*DATA EXTRACT*
◆ ◆ ◆ ◆

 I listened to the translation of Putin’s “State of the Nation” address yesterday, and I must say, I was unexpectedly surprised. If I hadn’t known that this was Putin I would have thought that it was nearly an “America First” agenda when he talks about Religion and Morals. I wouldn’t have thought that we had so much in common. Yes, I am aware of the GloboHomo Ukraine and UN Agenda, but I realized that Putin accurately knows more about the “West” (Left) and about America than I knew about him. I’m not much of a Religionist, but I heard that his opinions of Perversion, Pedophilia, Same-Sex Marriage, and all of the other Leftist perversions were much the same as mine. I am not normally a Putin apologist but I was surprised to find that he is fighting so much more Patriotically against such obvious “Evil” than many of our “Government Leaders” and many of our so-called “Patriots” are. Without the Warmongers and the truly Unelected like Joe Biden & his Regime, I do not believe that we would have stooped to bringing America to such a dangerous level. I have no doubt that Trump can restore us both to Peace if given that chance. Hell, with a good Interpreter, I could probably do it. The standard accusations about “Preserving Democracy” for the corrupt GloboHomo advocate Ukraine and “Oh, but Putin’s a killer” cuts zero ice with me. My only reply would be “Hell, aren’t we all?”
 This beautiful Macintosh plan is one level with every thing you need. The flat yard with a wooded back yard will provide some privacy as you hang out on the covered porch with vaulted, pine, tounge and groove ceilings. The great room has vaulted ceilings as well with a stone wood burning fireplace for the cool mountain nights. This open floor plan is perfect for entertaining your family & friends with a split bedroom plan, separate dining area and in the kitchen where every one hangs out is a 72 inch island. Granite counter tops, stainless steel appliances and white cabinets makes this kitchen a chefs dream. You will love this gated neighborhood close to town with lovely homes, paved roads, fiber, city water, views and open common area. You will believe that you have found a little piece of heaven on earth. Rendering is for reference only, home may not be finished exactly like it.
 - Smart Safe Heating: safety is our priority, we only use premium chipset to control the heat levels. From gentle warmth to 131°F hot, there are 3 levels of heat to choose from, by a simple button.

◆ ◆ ◆ ◆

*WORK ITEM*
Each line of the listing must appear in the answer exactly as above.

*RESPONSE TO THIS TASK*
 I listened to the translation of Putin’s “State of the Nation” address yesterday, and I must say, I was unexpectedly surprised. If I hadn’t known that this was Putin I would have thought that it was nearly an “America First” agenda when he talks about Religion and Morals. I wouldn’t have thought that we had so much in common. Yes, I am aware of the GloboHomo Ukraine and UN Agenda, but I realized that Putin accurately knows more about the “West” (Left) and about America than I knew about him. I’m not much of a Religionist, but I heard that his opinions of Perversion, Pedophilia, Same-Sex Marriage, and all of the other Leftist perversions were much the same as mine. I am not normally a Putin apologist but I was surprised to find that he is fighting so much more Patriotically against such obvious “Evil” than many of our “Government Leaders” and many of our so-called “Patriots” are. Without the Warmongers and the truly Unelected like Joe Biden & his Regime, I do not believe that we would have stooped to bringing America to such a dangerous level. I have no doubt that Trump can restore us both to Peace if given that chance. Hell, with a good Interpreter, I could probably do it. The standard accusations about “Preserving Democracy” for the corrupt GloboHomo advocate Ukraine and “Oh, but Putin’s a killer” cuts zero ice with me. My only reply would be “Hell, aren’t we all?”
 This beautiful Macintosh plan is one level with every thing you need. The flat yard with a wooded back yard will provide some privacy as you hang out on the covered porch with vaulted, pine, tounge and groove ceilings. The great room has vaulted ceilings as well with a stone wood burning fireplace for the cool mountain nights. This open floor plan is perfect for entertaining your family & friends with a split bedroom plan, separate dining area and in the kitchen where every one hangs out is a 72 inch island. Granite counter tops, stainless steel appliances and white cabinets makes this kitchen a chefs dream. You will love this gated neighborhood close to town with lovely homes, paved roads, fiber, city water, views and open common area. You will believe that you have found a little piece of heaven on earth. Rendering is for reference only, home may not be finished exactly like it.
 - Smart Safe Heating: safety is our priority, we only use premium chipset to control the heat levels. From gentle warmth to 131°F hot, there are 3 levels of heat to choose from, by a simple button.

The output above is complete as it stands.